一个整数的大小依赖于平台，尽管通常的值是20亿(即32位)。64位平台的最大值通常为9E18。PHP不支持无符号整数。可以使用常量PHP_INT_SIZE确定整数大小，并使用PHP 4.4.0和PHP 5.0.5之后使用常量PHP_INT_MAX来确定最大值。

2  

Harbour:

港口:

proc Main()

   local sum := 0, i

   for i := 0 to 1000000000
      sum += i
   next

   ? sum

   return

Results in 500000000500000000. (on both windows/mingw/x86 and osx/clang/x64)
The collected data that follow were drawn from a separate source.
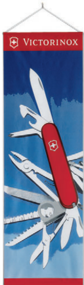
9.6006 / 9.6010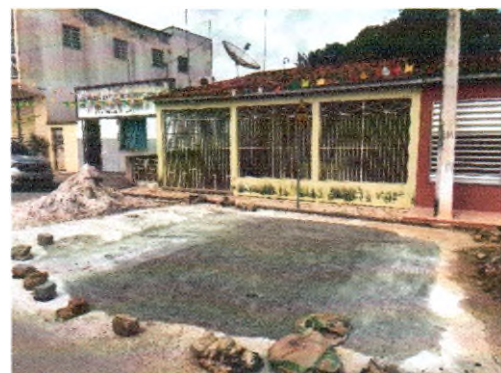
AVENIDA ACRÍSIO DOS SANTOS ANDRADE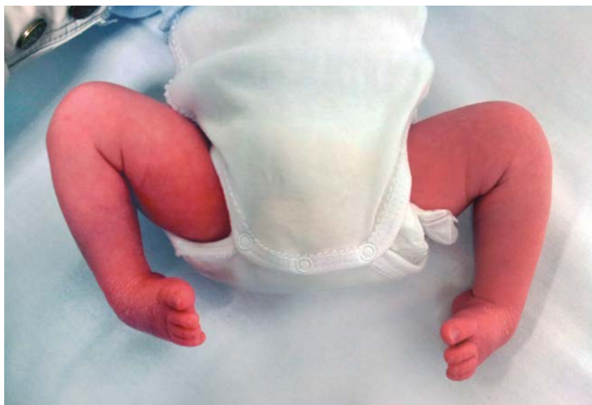
Figura 3. Recién nacido que presenta un pie equino varo congénito bilateral. Véase las deformidades en equino, varo y supinación de los pies.

gico, que habitualmente se retrasa hasta los 2 años de vida.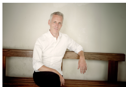
Sébastien Daucé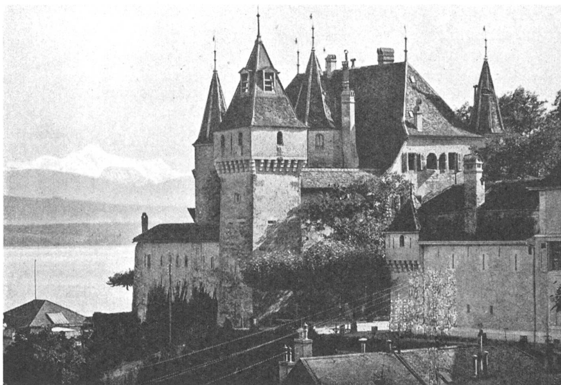
Fig. 126. Château de Nyon, résidence des baillis bernois, reconstruit de 1572 à 1577.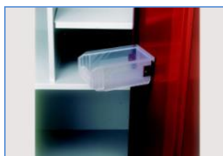
Détail de la boîte sur la porte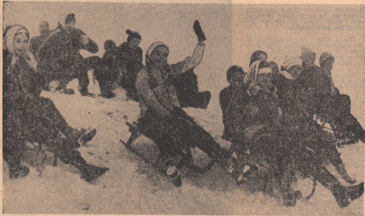
Zboară sănăună, zboară! Pe derdeluș, la Păuleni-Ciuc, au început concursurile pentru „Cupa tineretului”

Comuna Păuleni-Ciuc, cu satele Dornia și Șolmeni, numără 1700 de suflete. Comună mică, dar înstărită, cu oameni harnici, buni gospodari și, mai ales, plini de ambii. Pe ce ne înțelegem afirmările? Bineînțeles, pe fapta și spre convingere vi le împărtășim pe cele legate direct de obiectul preocupării noastre, de sport.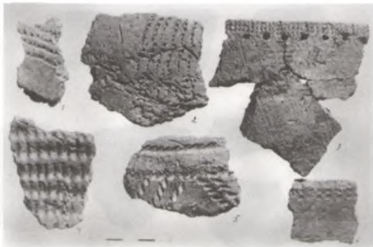
Фрагменты пасудзін эпохі неаліту, знойдзеныя ў час археалагічных раскопак каля в. Дубна.

вугольнай формы. Яго памеры 2x2,25 і 1,75x2,85 м.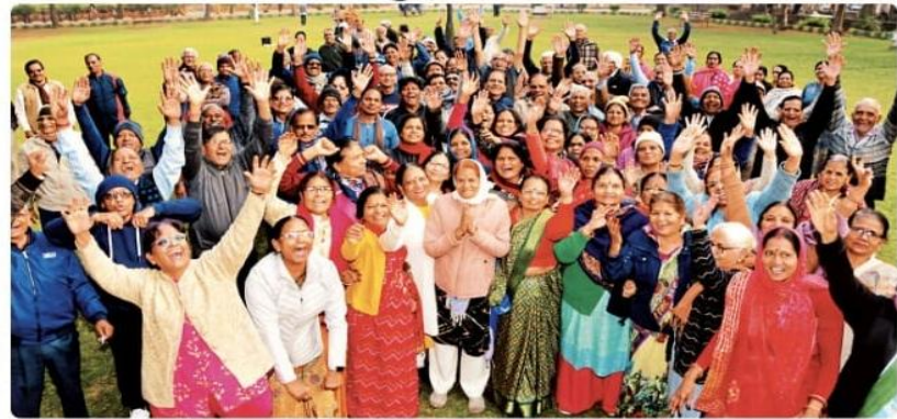
भीलवाड़ा. शिवाजी गार्डन में कार्यक्रम के दौरान ठहाके लगाते हुए वरिष्ठजन।

मंच अध्यक्ष खटोड़ ने राजस्थान पत्रिका का धन्यवाद दिया। कहा-रोजाना सुबह घाय की दुस्की के साथ पत्रिका पढ़ना अनिवार्य सर्रोखा है। बिना पत्रिका के कुछ अधूरा लगता है। पत्रिका के साइबर क्राइम अभियान को सराहा।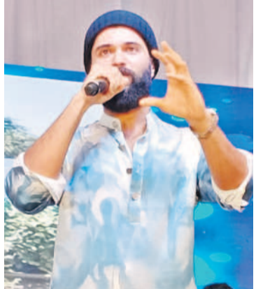
మాట్లాడుతున్న సినీ హీరో విజయ్ దేవరకొండ

కొల్హాపూర్, నవంబర్ 28 : సక్సెస్ మన జీవితంతోపాటు సొసైటీలో కూడా ఎంతో మార్పు వస్తుందని సినీ నటుడు విజయ్ దేవరకొండ అ న్నారు. కొల్హాపూర్ లోని రాజావారి బంగారో రా జీ ఇందిరాదేవి విద్యాసంస్థలో చదివిన పూర్వ వి ద్యార్థులతో స్వర్ణోత్సవం నిర్వహించారు. ఈ వే దుకలకు విజయ్ దేవరకొండ హాజరు కాగా, అభి మానులు పెద్ద ఎత్తున తరలిరావడంతో ఆ ప్రాం తంకూ కొలాహలంగా మారింది. ఈ సంద ర్భంగా విజయ్ మాట్లాడుతూ కొల్హాపూర్ ఎంతో అభివృద్ధి చెందిందని, ఈ ప్రాంతంతో అత్యు య అనుబంధం ఉందన్నారు. ఇక్కడ అర్బండు పాఠ శాల నుంచి భారత దేశంతోపాటు అమెరికా ఇత ర దేశాల్లోని 14 బిల్డీపెలాల లాంటి గొప్ప స్థా నాని నిర్వహింపబడతూ వైస్ చాన్సలర్ గా, వైద్యులగా ఉండ డం అభినందనీయమన్నారు. ఇక్కడీ స్కూల్ నుంచి మై హాం వైరస్ నిర్మూలనతో శుక్రవారం సా యంత్రం కొల్హాపూర్ లో మ్యూజికల్ వైట్ ఏర్పా యలో ఉన్నారని తెలిపారు. తన అమ్మ, మామ య్య ఇక్కడీ చదువుకోవడంతో ఇక్కడి వారితో బంధుత్వం ఉందన్నారు. ఆనంతరం అర్బండు పా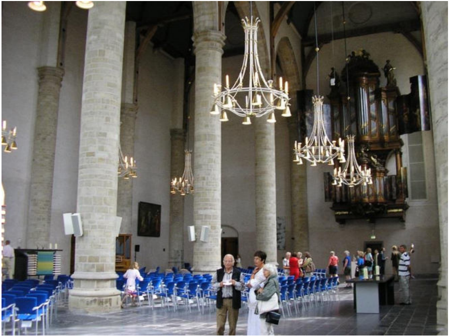
Geen houten banken maar mooie blauwe stoeltjes

Wij gaan zingen in de Nieuwe Kerk. Ik begon mijn verhaal over de houten banken in de dorpskerk. Laat nu in 2001 de houten banken in de Nieuwe Kerk vervangen zijn door losse blauwe stoelen. Aangepast aan multifunctioneel gebruik, precies waarvoor ik opteer in de dorpskerk. Toch benieuwd hoe dat eruitziet. Voor liefhebbers van zeehelden, het praalgraf van de broers Cornelis en Jan Evertsen, trouwe secondanten van die andere Zeeuw Michiel de Ruyter, is in de kerk te bewonderen. Het praalgraf werd in 1816 verplaatst vanwege de sloop van de Noordmonsterkerk naar de Nieuwe Kerk.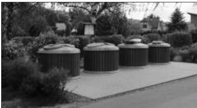
Polopodzemní kontejnery v Letech.

Do konce roku 2017 se více než 2/3 občanů dobrovolně přihlásilo ke 14dennímu nebo měsíčnímu svozu odpadu. Stejně jako velké procento obcí hlavně na Moravě, kde už jim nejde jen o to, aby co nejvíce třídili, ale aby měli co nejméně odpadu vůbec, rozhodli jsme se po jejich vzoru svázat směsný odpad jednou za 14 dní a jednou za měsíc v celé obci. Obec Lety se každoročně umísťuje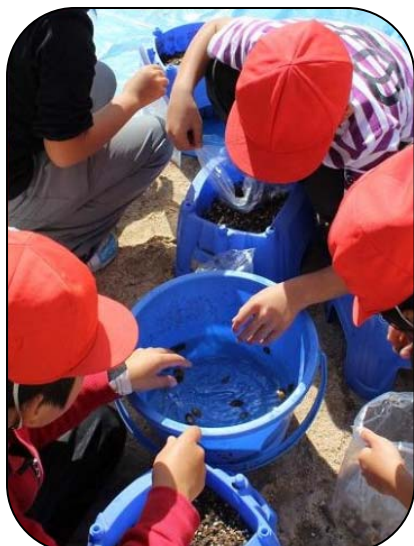
芽が出るどんぐりを調べます

自分たちのどんぐりが元気に大きくなって、山やまちを守ってくれるように、しっかり育ててくださいね。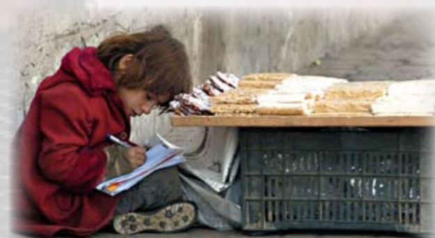
"el reto". Premio 2007 a la Agencia de Noticias Siria

La situación de los refugiados CONCURSO DE RELATOS Palestinos e Iraquíes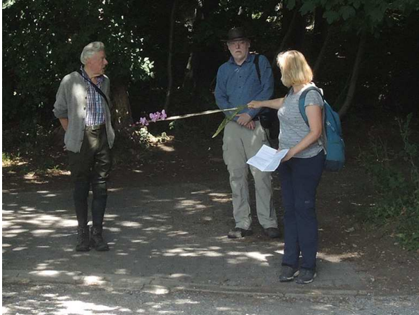
Abb. 1: Einhalten des Mindestabstands...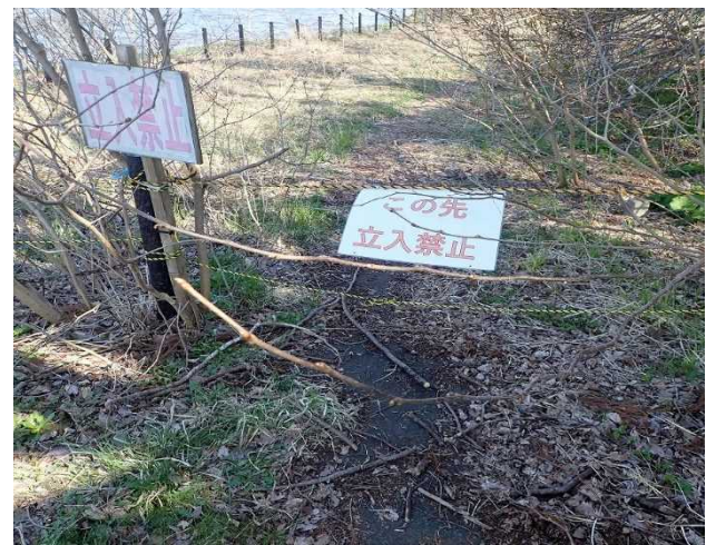
進入禁止ロープの交換(4月19日措置完了)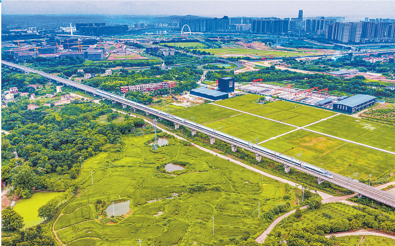
6月27日，列车行驶在杭台高铁浙江嵊州境内的路段上（无人机照片）。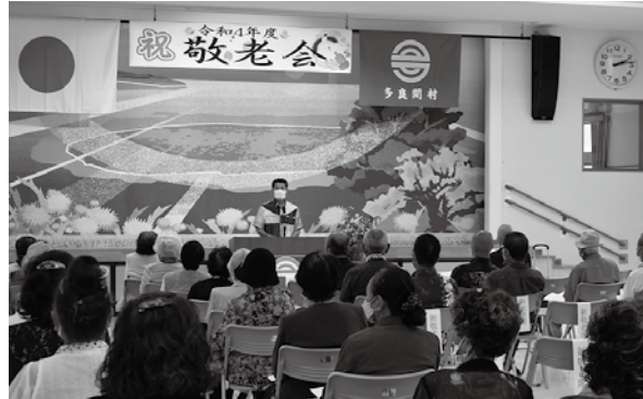
敬老会式典 村長式辞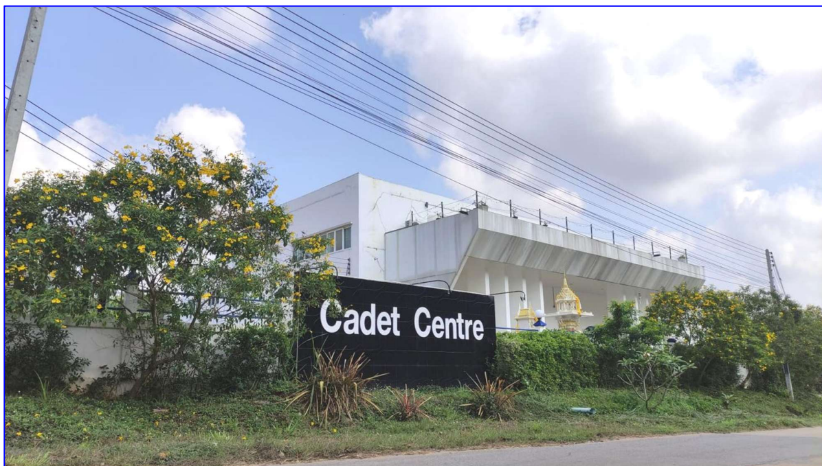
ภาพโรงเรียนกวดวิชาธนพิสิษฐ์ ซอยเขาหมอน ต.พลูตาหลวง อ.สัตหีบ จ.ชลบุรี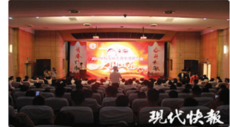
《现代快报》报道版面

结果在500000000500000000。(windows/mingw/x86和osx/clang/x64)

2  

Erlang works:

Erlang工作原理:

from_sum(From,Max) ->
    from_sum(From,Max,Max).
from_sum(From,Max,Sum) when From =:= Max ->
    Sum;
from_sum(From,Max,Sum) when From =/= Max -> 
    from_sum(From+1,Max,Sum+From).

Results: 41> useless:from_sum(1,1000000000). 500000000500000000

结果:41 >无用:from_sum(1 1000000000)。500000000500000000

2  

Funny thing, PHP 5.5.1 gives 499999999500000000 (in ~ 30s), while Dart2Js gives 500000000067109000 (which is to be expected, since it's JS that gets executed). CLI Dart gives the right answer ... instantly.

有趣的是，PHP 5.5.1给出了499999999999500000000(在30到30之间)，而dar2js提供500000000067109000(这是可以预料的，因为它是被执行的JS)。CLI Dart给出了正确的答案……立即。